The result is high turnover rates and difficulty retaining the most qualified educators. In turn, this creates instability for young children, who crave routine, and decreases the likelihood that children will reap the long-term benefits that come from attendance at a high-quality preschool staffed by experienced, highly skilled educators.


CORPORATE REFORM SCORES A WIN OVER UNIONS

Michigan-based Mackinac Center’s Campaign to Kill Unions in Other States

Corporate America received a win last week when the US Supreme Court overruled the case for unions collecting fees for services they are required by law to provide all employees in their bargaining unit. The ruling has two serious results. First, it has legitimized freeloaders who pay nothing to support those who work to improve their working conditions, and second, it has energized anti-union forces around the nation.
On June 27, 2018, in Janus V. AFSCME, the US Supreme Court ruled 5 – 4 that nonunion workers cannot be forced to pay “fair share” fees when union advocacy results in a benefit to nonunion members.

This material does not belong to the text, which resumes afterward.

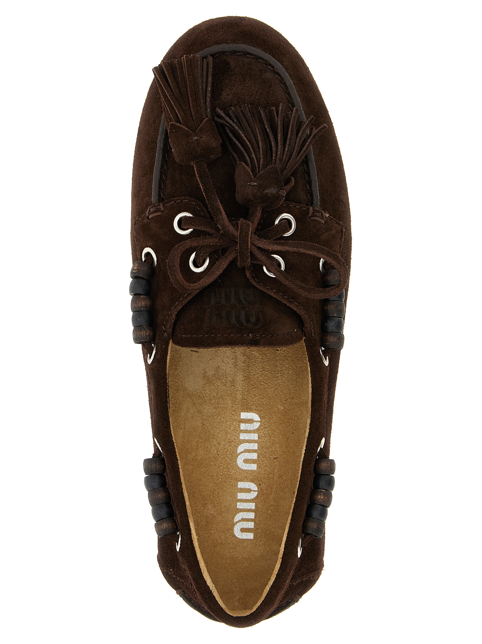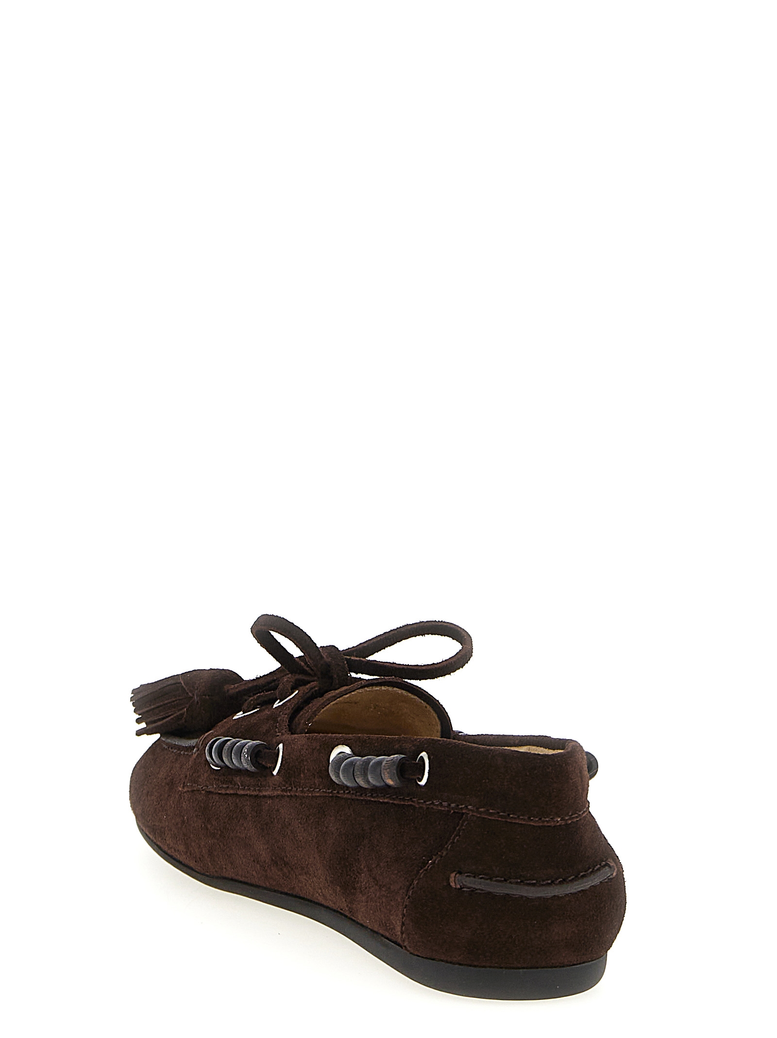 Suede boat shoe with tassel and beads detail, embossed logo on the tongue, rubber sole.

The extreme-right-wing Mackinac Center for Public Policy is using the Janus decision to actively campaign for the fiscal crippling of unions by targeting emails to organizations such as school districts in order to try to get union members to “opt out” of union membership.


Betsy DeVos Conquers the World: The Global Education Reform Movement (GERM)

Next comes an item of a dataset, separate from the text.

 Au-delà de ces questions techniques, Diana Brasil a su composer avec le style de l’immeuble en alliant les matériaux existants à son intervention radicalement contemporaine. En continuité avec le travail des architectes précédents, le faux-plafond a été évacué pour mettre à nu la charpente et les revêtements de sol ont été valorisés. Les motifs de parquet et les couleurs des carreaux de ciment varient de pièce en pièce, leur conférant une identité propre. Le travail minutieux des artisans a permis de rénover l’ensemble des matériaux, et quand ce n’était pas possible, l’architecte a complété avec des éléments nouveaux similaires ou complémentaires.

Here's a companion piece to the story above about union busting by the US Supreme Court. Busting unions is just one part of the Global Education Reform Movement, or GERM, and it's an international affliction.
The National Education Union in the UK sums it up well. Here is what GERM does to schools in countries around the world:
  • Threatens the teaching profession by prioritizing and imposing a business model on education.
  • Emphasizes competition between schools and teachers, using high-stakes testing.
  • Gives performance rewards.
  • Aims to produce a narrowly educated workforce, which can read instructions and advertisements but is discouraged from thinking critically about the world.
  • Attacks teachers’ unions.
  • Views education as an opportunity to maximise human capital.
  • Abandons education’s role to create cultural good and social cohesion.
  • Takes education out of the hands of those who own it, teachers, students, parents, and the public, to develop a commodity which can be traded globally.
  • Creates a service sector which is open to trade and investors.
  • Education becomes about profit not people.
  • There’s an emphasis on education technology for capital.
  • Breaks good school systems into academies, free schools, or in America, charter and voucher schools.
  • Creates a national pay framework.
  • Relies on performance related pay—think social impact bonds.
  • Privatizes educational services.
GERM affects all schools—everywhere.


IMMIGRATION LAW HISTORY

A Brief History of U.S. Immigration Law

We all owe it to ourselves to understand where the United States has been with our immigration laws in order to understand where we are now.
...our immigration laws have increasingly become more strict, with a growing focus on controlling undocumented immigration. How these laws are interpreted and implemented is determined for the most part by court rulings when the government and its agencies are sued on behalf of immigrants (class action suits). When a ruling is made on a class action case, that ruling then becomes national policy.